With pictures left out, output exactly the lines of the listing below from the line that has "布城与米堡的激烈对决谁能在赛场上笑到最后" to the line that has "Aktualnie jeden kolor: jasno-szary", both lines kept.

▶ **DATA FOR PROCESSING**
'''
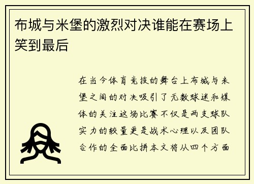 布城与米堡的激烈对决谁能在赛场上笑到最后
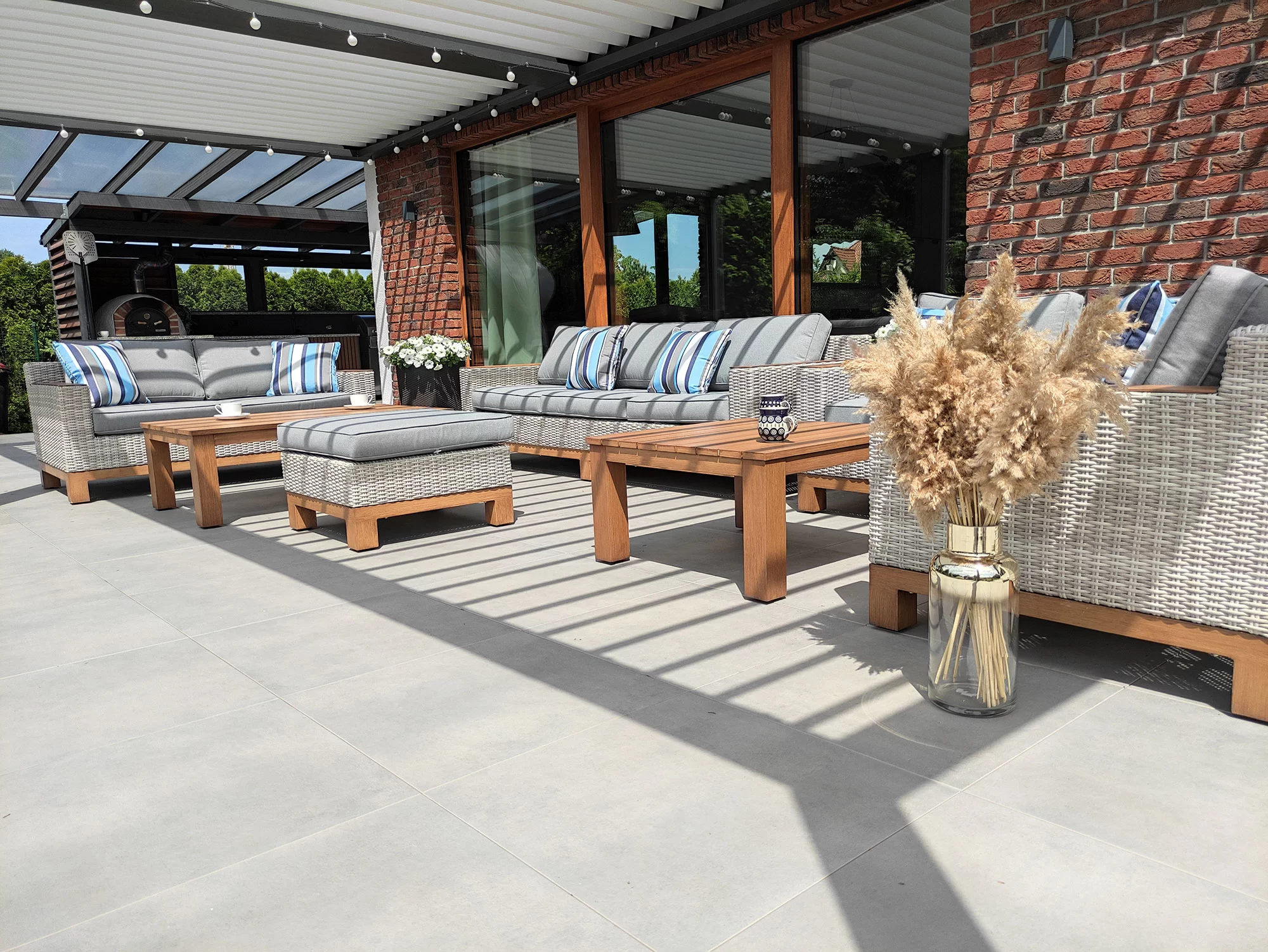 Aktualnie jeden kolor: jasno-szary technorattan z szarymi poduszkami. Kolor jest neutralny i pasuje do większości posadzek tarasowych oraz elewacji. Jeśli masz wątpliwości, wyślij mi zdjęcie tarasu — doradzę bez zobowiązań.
'''
'''
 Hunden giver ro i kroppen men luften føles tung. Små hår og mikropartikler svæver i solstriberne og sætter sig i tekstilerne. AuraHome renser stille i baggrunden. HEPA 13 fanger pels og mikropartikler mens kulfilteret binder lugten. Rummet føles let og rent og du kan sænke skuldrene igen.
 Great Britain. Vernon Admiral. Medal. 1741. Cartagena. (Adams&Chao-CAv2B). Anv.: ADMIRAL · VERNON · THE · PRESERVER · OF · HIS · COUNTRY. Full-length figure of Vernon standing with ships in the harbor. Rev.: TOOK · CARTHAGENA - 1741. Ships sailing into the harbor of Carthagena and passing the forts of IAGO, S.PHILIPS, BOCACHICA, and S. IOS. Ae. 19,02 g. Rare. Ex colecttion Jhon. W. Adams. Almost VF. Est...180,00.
'''
'''
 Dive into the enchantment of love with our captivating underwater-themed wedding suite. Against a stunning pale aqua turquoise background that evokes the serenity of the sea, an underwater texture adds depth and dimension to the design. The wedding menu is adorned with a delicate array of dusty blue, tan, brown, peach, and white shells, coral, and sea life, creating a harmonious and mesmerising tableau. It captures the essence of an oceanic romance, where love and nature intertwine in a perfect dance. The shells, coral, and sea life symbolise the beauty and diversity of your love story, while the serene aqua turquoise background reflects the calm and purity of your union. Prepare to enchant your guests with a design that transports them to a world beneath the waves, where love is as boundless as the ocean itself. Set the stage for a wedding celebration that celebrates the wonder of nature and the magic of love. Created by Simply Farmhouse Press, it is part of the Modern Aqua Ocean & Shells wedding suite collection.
'''
▶ **SOLUTION TO THE EXERCISE**
 布城与米堡的激烈对决谁能在赛场上笑到最后
 Aktualnie jeden kolor: jasno-szary technorattan z szarymi poduszkami. Kolor jest neutralny i pasuje do większości posadzek tarasowych oraz elewacji. Jeśli masz wątpliwości, wyślij mi zdjęcie tarasu — doradzę bez zobowiązań.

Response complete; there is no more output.